One way to get managers off and running is by providing
intensive feedback and coaching, says Leigh Branham,
author of The 7 Hidden Reasons Employees Leave: How to
Recognize the Subtle Signs and Act Before It’s Too Late
(Amacom, 2005). During a new manager’s first week, his
manager should provide detailed expectations for the first
90 days and ask the new manager to summarize these
objectives and measures in a performance agreement.
In a
similar vein, Branham suggests conducting “entrance
interviews” with new hires to help uncover their strengths
and learn which talents they are most interested in
developing.
Map out
your new manager’s network.
“Managers’ effectiveness derives directly from their web
of relationships,” says Rollag. With that in mind, map out
your new manager’s network before she starts the job. Ask
yourself whom she needs to know to carry out her
responsibilities. Think about work processes: From whom
will she need certain types of information? To whom will
she need to provide information? Also consider
organizational history: Who has always known how to move
projects forward and solve thorny problems?
Some
executives also emphasize company values when mapping out
a new manager’s network.
Also
consider network members’ tenure as you build your map.
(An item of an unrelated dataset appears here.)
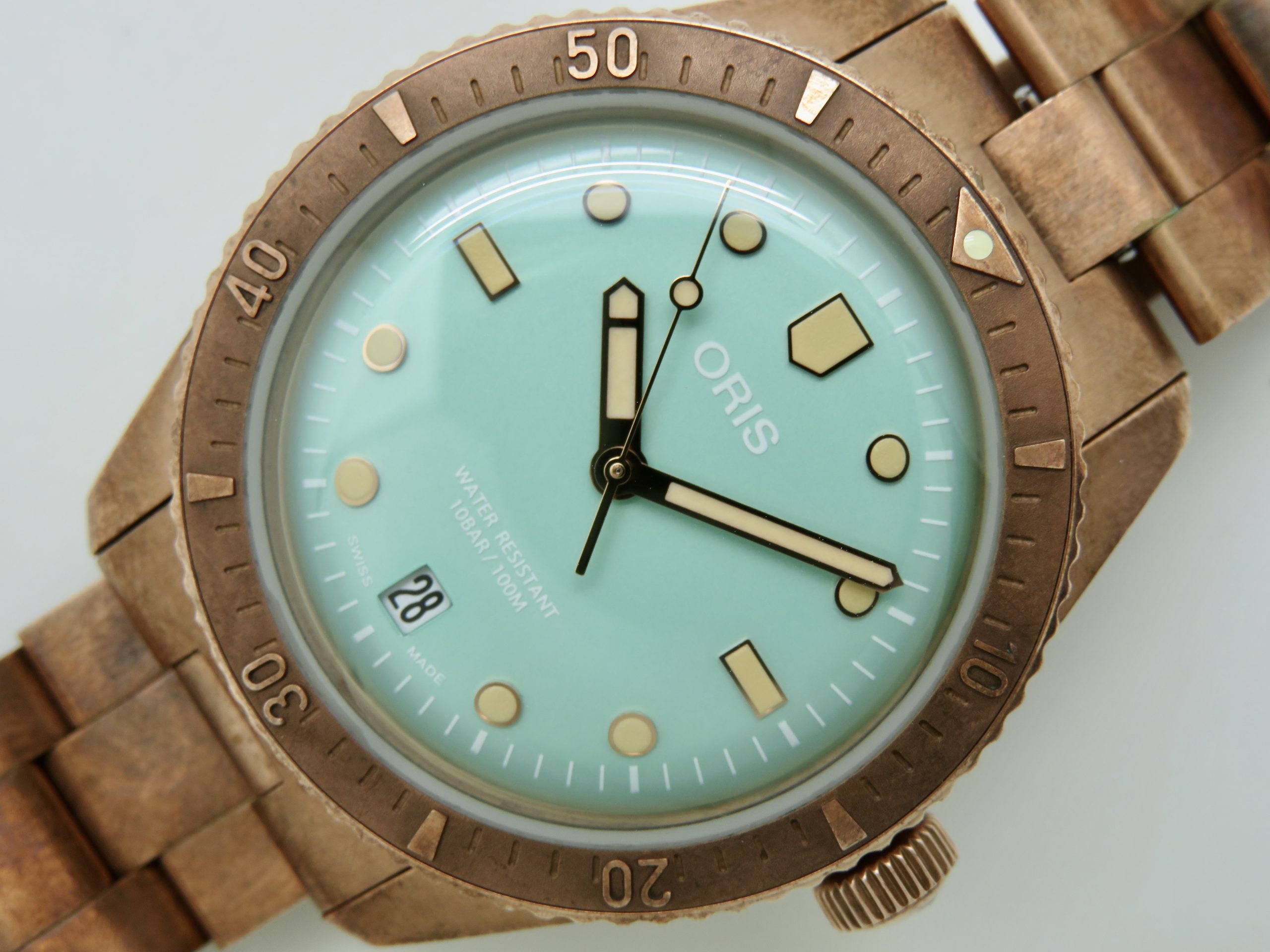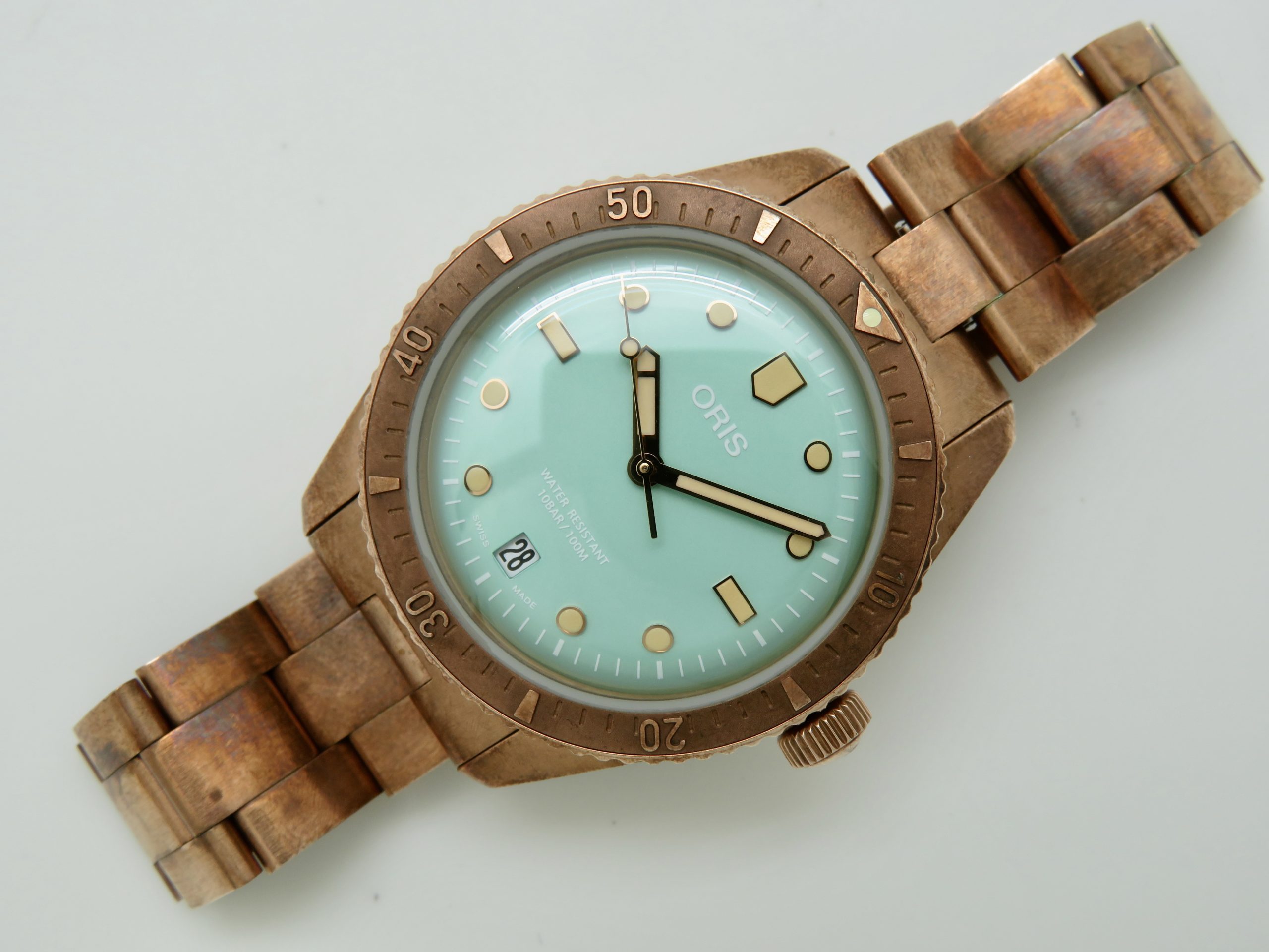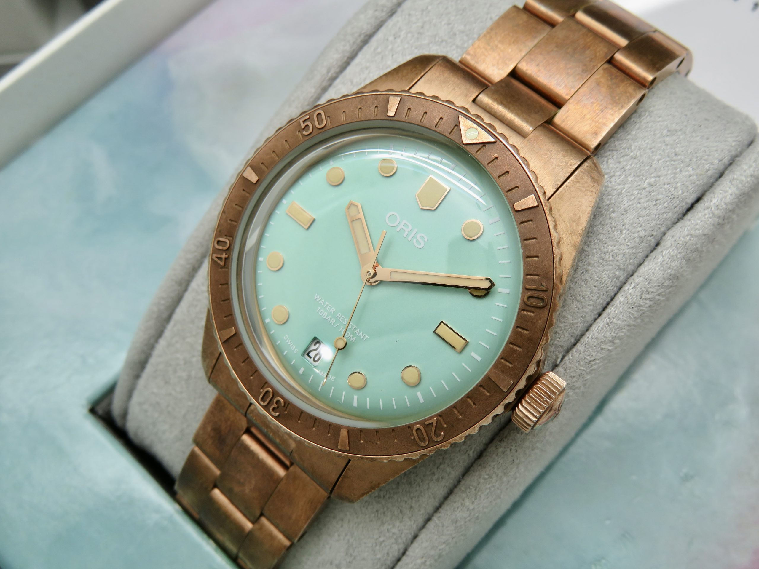 For sale is a mens pre owned 2022 Oris Divers Sixty Five Cotton Candy mens automatic wristwatch with date. The watch model/reference is 01 733 7771 3157. It features a wild green dial, round bronze case, steel screw in back, unidirectional rotating bezel, screw in crown, hacking seconds, quickset date, and a caliber 733 movement (SW200-1, 26 jewels, 38 hour power reserve, and a bph of 28800). The watch measures 38mm in diameter without the crown, by 45.75mm lug tip to tip, has a lug width of 19mm, and a case thickness of 13mm.

The best networks comprise a blend of long-standing and
newer employees, explain Rob Cross and Andrew Parker in
The Hidden Power of Social Networks: Understanding How
Work Really Gets Done in Organizations (Harvard
Business School Press, 2004). Why the blend? You want new
managers to benefit from seasoned employees’ wisdom and
recent hires’ fresh perspectives.
Follow up.
Once the new manager has met all the people you’ve
recommended, reinforce these relationships through
follow-up.
“Build
discussion about the network into regular conversations
and status updates,” Rollag says. “Ask, ‘Whom have you
talked to? What have you learned from these people? How
have you helped them?”’ If the manager has failed to
sustain a connection with an important network member, ask
why and develop a plan for restoring the link.
As another
follow-up strategy, invite the new manager to meetings
outside his work responsibilities. Through these
encounters, he’ll gain a sense of the organization’s
political dynamics and see how the company operates as a
whole.
Take
advantage of technology.
In global organizations, ensuring that your newly hired
manager forges connections with the right network members
can be especially difficult. When you bring on a new
manager, use e-mails to announce his expertise and
interests to others. Sign him up for the online discussion
groups and mailing lists he’ll need as he ramps up. Show
him how to use expertise locators.
If you’re
tempted to assume that the sharp manager you just hired
can handle his own onboarding, remember that you can
vastly accelerate the process. Your reward? A leader who
generates better business results faster—and who can
strike out on his own sooner.
Lauren
Keller Johnson is a Massachusetts-based writer.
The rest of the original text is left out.